• Problem details:
The line containing "ผศ.ดร.เกษรา ธัญลักษณ์ภาคย์ (ดร.ยุ้ย)", plus every line that follows it to the end of the listing below, is what you transcribe exactly; omit all pictures.

• Material provided:
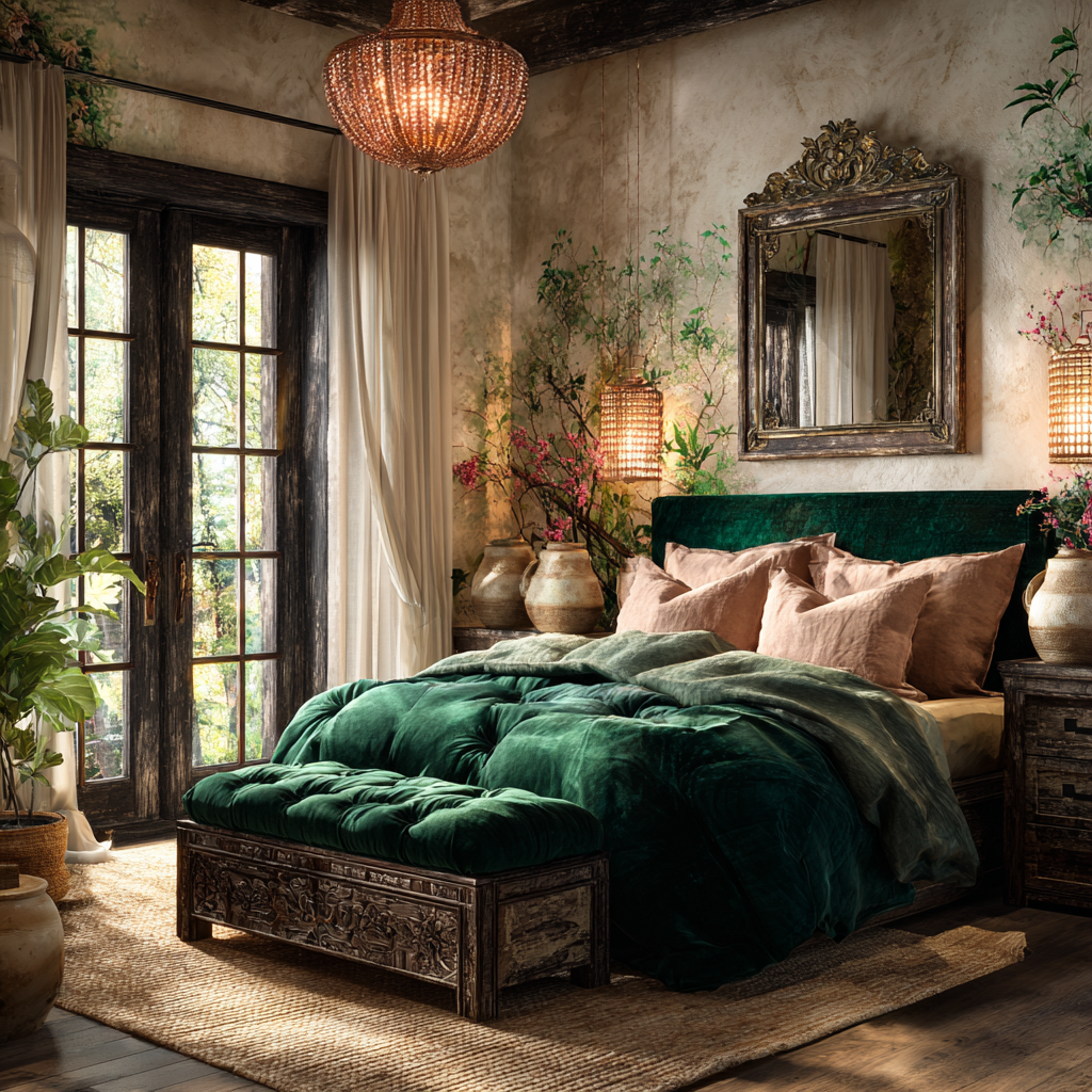 Emerald sofas or accent chairs with rose-gold lighting or hardware create emotional warmth without chaos.
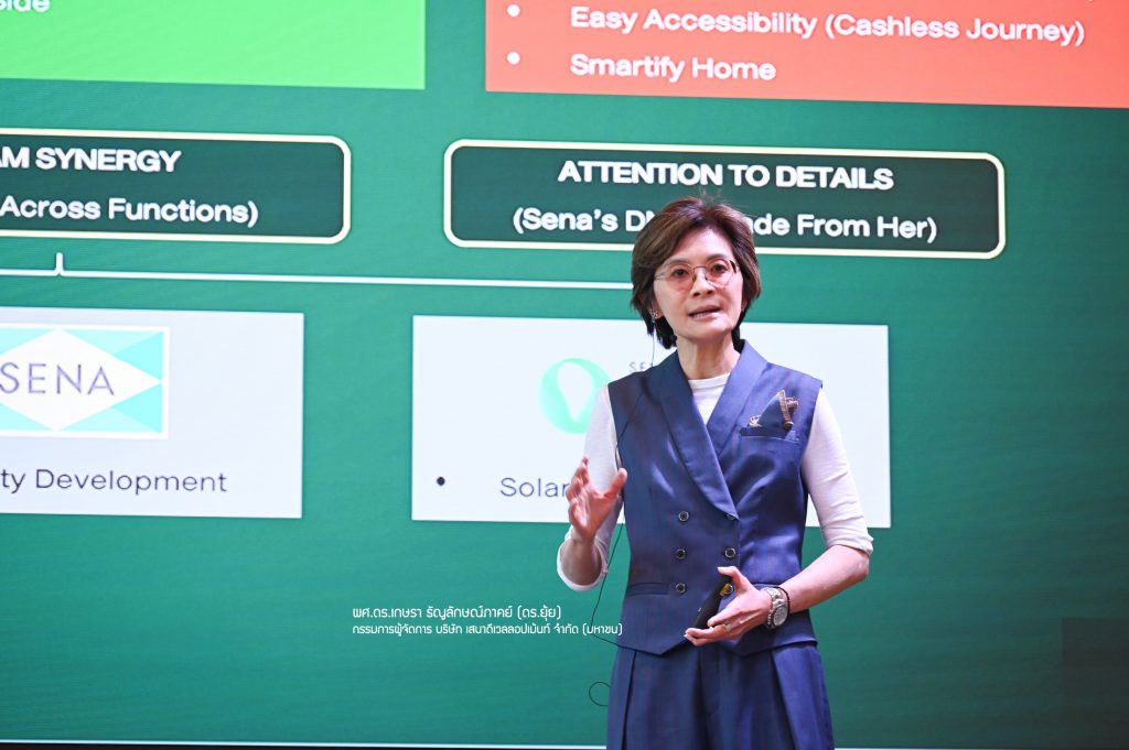 ผศ.ดร.เกษรา ธัญลักษณ์ภาคย์ (ดร.ยุ้ย) กรรมการผู้จัดการ บริษัท เสนาดีเวลลอปเม้นท์ จำกัด (มหาชน) เปิดเผยว่า บริษัทให้ความสำคัญกับการเติบโตบนฐานความต้องการที่แท้จริงของผู้บริโภค (Real Demand) ควบคู่กับการขยายรายได้ประจำ (Recurring Income) เพื่อเสริมความมั่นคง ลดความผันผวน และสร้างเสถียรภาพทางการเงินในระยะยาว
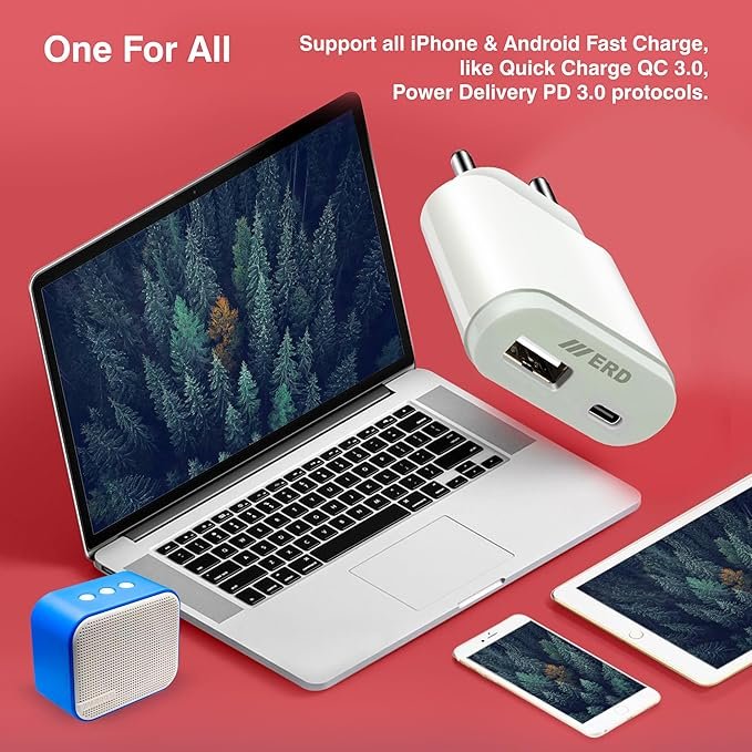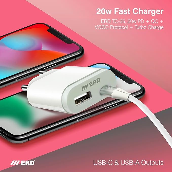 ERD TC 35 20W Fast Wall Charger Adapter (VOOC & PD) Fast Charging Technology | Easy to Carry Dual Output | Universal Compatibility (All iOS & Android Devices) White | 150-240VAC, 50/60 Hz, 0.60A
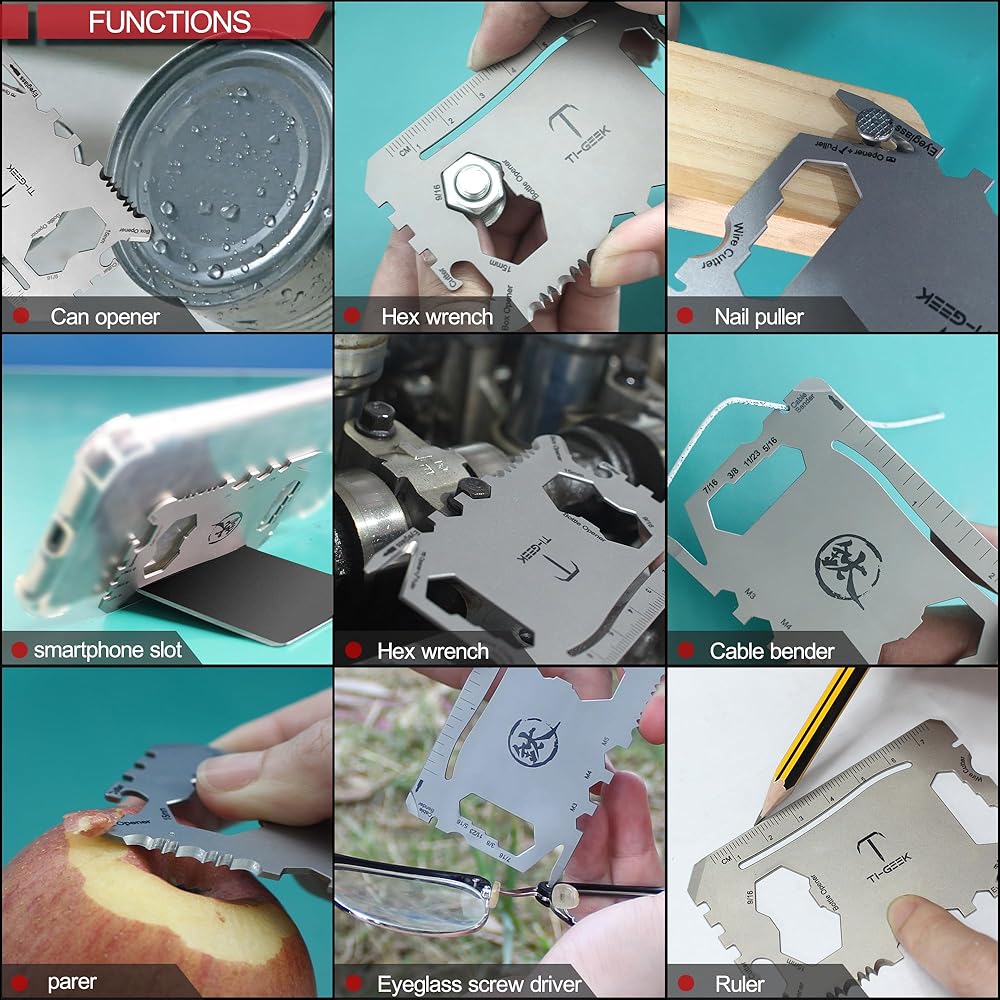 【متعددة الاستخدامات وصغيرة الحجم】الأداة المتعددة بحجم بطاقة الائتمان الخاصة بنا هي الأداة المثالية الكل في واحد للاستخدام اليومي ورحلات التخييم والأنشطة الخارجية. إنه مصنوع من التيتانيوم عالي الجودة وهو متين وخفيف الوزن، مما يجعل من السهل حمله في محفظتك أو جيبك.

• Response box:
 ผศ.ดร.เกษรา ธัญลักษณ์ภาคย์ (ดร.ยุ้ย) กรรมการผู้จัดการ บริษัท เสนาดีเวลลอปเม้นท์ จำกัด (มหาชน) เปิดเผยว่า บริษัทให้ความสำคัญกับการเติบโตบนฐานความต้องการที่แท้จริงของผู้บริโภค (Real Demand) ควบคู่กับการขยายรายได้ประจำ (Recurring Income) เพื่อเสริมความมั่นคง ลดความผันผวน และสร้างเสถียรภาพทางการเงินในระยะยาว
 ERD TC 35 20W Fast Wall Charger Adapter (VOOC & PD) Fast Charging Technology | Easy to Carry Dual Output | Universal Compatibility (All iOS & Android Devices) White | 150-240VAC, 50/60 Hz, 0.60A
 【متعددة الاستخدامات وصغيرة الحجم】الأداة المتعددة بحجم بطاقة الائتمان الخاصة بنا هي الأداة المثالية الكل في واحد للاستخدام اليومي ورحلات التخييم والأنشطة الخارجية. إنه مصنوع من التيتانيوم عالي الجودة وهو متين وخفيف الوزن، مما يجعل من السهل حمله في محفظتك أو جيبك.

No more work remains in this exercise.